Race gave my hand a gentle squeeze. “And I swear I’m going to do whatever is in my power to do to help you, Juliette. You have my word on that.”

The smile that came to me then was stronger than the last, and I returned the hand squeeze. “That works both ways, Race,” I told him. “You have my word that after a little R and R on Mark and Saphrona’s farm, I’m going to do whatever I can to help you get out from under the fang of the Cleveland vampires. I want you away from that life and onto a better one.”

His reply was at first just a solemn nod.
Then Race looked at me and said, “You’re already making my life better just by sticking with a loser like me. Something else I’m gonna do, or rather not do, is ever give you a reason to regret that choice.”
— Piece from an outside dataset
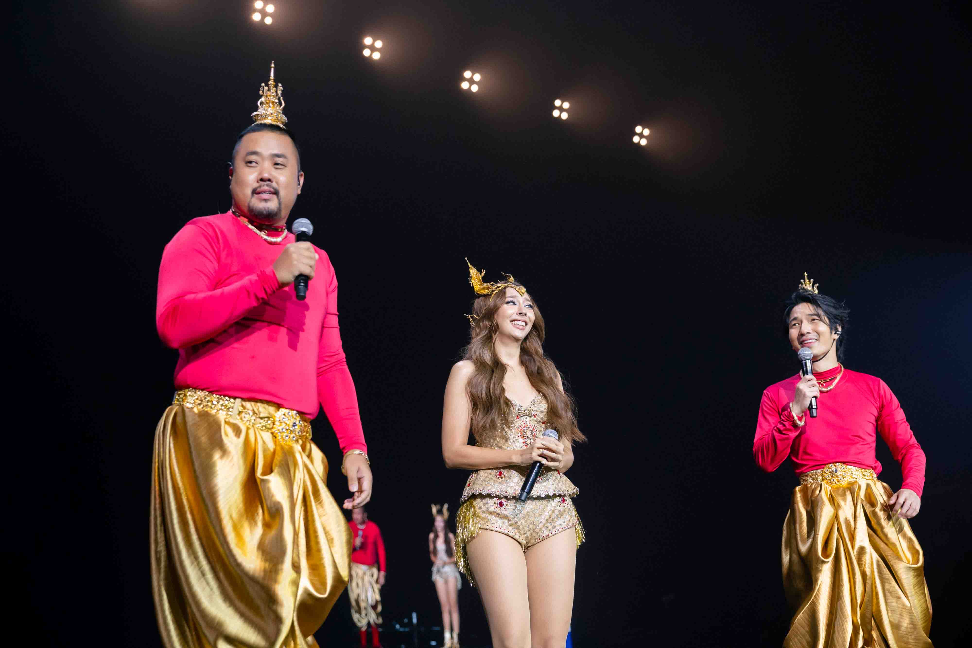 จากนั้นพบกับโชว์สุดเซอร์ไพรส์เมื่อ 2002ราตรี ปรากฏกายออกมาบนพรมวิเศษ กับโชว์ในเพลง ‘จีนี่จ๋า’ และสลับมาโชว์เพลง ‘HOT2HOT’ ร่วมกับ 4EVE ก่อนที่ แก๊งหิ้วหวี จะขึ้นมาในเพลง ‘ฟ้ารักพ่อ’ จนเกิดโมเมนต์ T-POP สาวสามกลุ่มบนเวทีเดียวกันที่เกิดขึ้นยาก แต่งานนี้ทำได้! ปิดท้ายพาร์ทนี้ด้วยเมดเลย์เพลงสามช่าที่ ป๊อบ-โอ๊ต ขนความสนุกพร้อมแขกรับเชิญทุกคนได้ออกมาร้องด้วยกันกับลิสต์เพลงเต้นสนุก ๆ ไม่ว่าจะเป็น ‘เดือนชนเดือน’, ‘สัญญาเดือนหก’, ‘Hula Hula’, ‘คอแห้ง’, ‘เมร่อน’, ‘ไอ้สอง’ และ ‘โคโยตี้’ พาร์ทนี้ต้องยกความปังให้กับแก๊งหิ้วหวีในการโชว์ประสานเสียงร้องในเพลง ‘ไอ้สอง’ บอกเลยว่าเริ่ดมากค่ะแม่

I refrained from replying that I really didn’t have much choice—our bond would draw us together like magnets whether we wanted to be together or not. No shifter I had ever known had tried to fight their imprint, though I supposed it could be assumed that a shifter who’d imprinted on a human would have an easier time of it. With Race and I both being shifters, denying the connection between us was like
ly to be impossible.

We finished the rest of
our simple meal in silence. It occurred to me then that he and I had done an awful lot of talking, and we’d been reunited less than a day. So many words had been exchanged, and declarations made, that I felt emotionally exhausted. Though I also realized I had once again escaped having to explain the mating ritual and knew that eventually I’d have to tell him, I was done with talking—I just wanted to enjoy being with the man I was already falling hard for. Despite the passing of sixteen years, despite the horrible things he’d done and the horrible things I had recently endured, I could tell that the seeds of love had been planted. I had loved Race Covington once, as much as a young girl with a crush can love an older boy, and I would love him again.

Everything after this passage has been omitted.